# EXTRACTED INFORMATION:
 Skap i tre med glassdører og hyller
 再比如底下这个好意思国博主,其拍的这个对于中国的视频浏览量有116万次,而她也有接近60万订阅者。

---

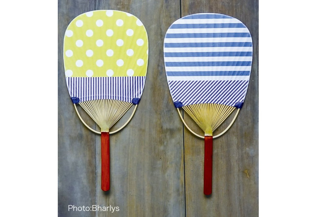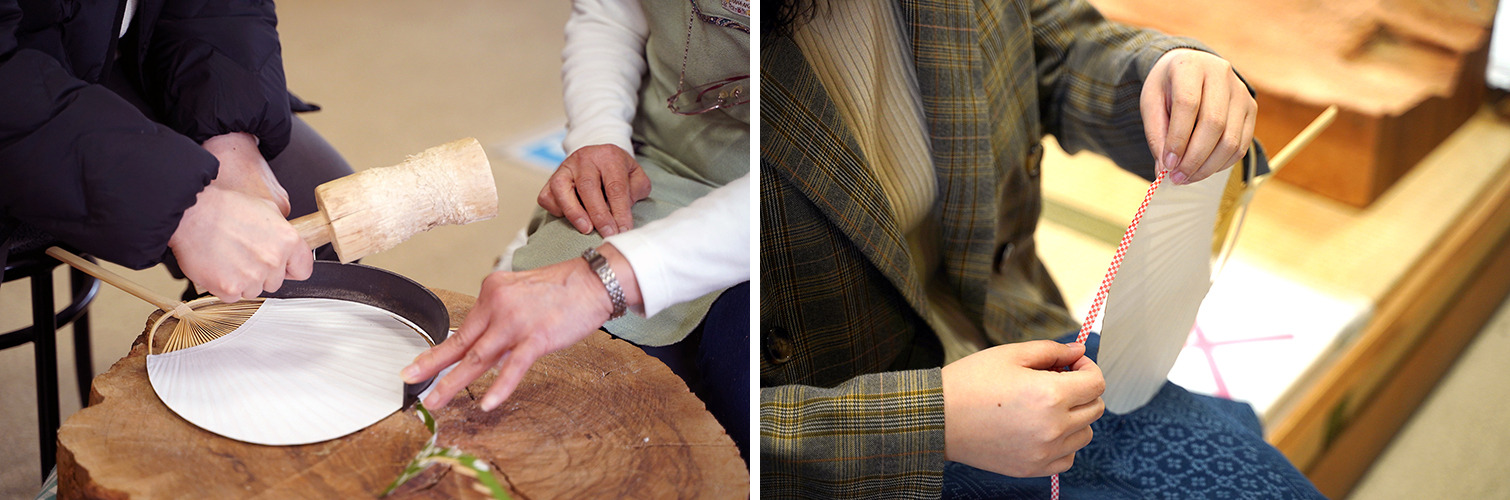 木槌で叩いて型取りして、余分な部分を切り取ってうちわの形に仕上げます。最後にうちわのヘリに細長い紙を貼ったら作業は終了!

# WORK TO COMPLETE:
Of the entries listed above, reproduce only the lines starting at the line containing "Skap i tre med glassdører og hyller" and ending at the line containing "再比如底下这个好意思国博主,其拍的这个对". Include both, exactly as they stand.

# RESULT FOR THIS EXERCISE:
 Skap i tre med glassdører og hyller
 再比如底下这个好意思国博主,其拍的这个对于中国的视频浏览量有116万次,而她也有接近60万订阅者。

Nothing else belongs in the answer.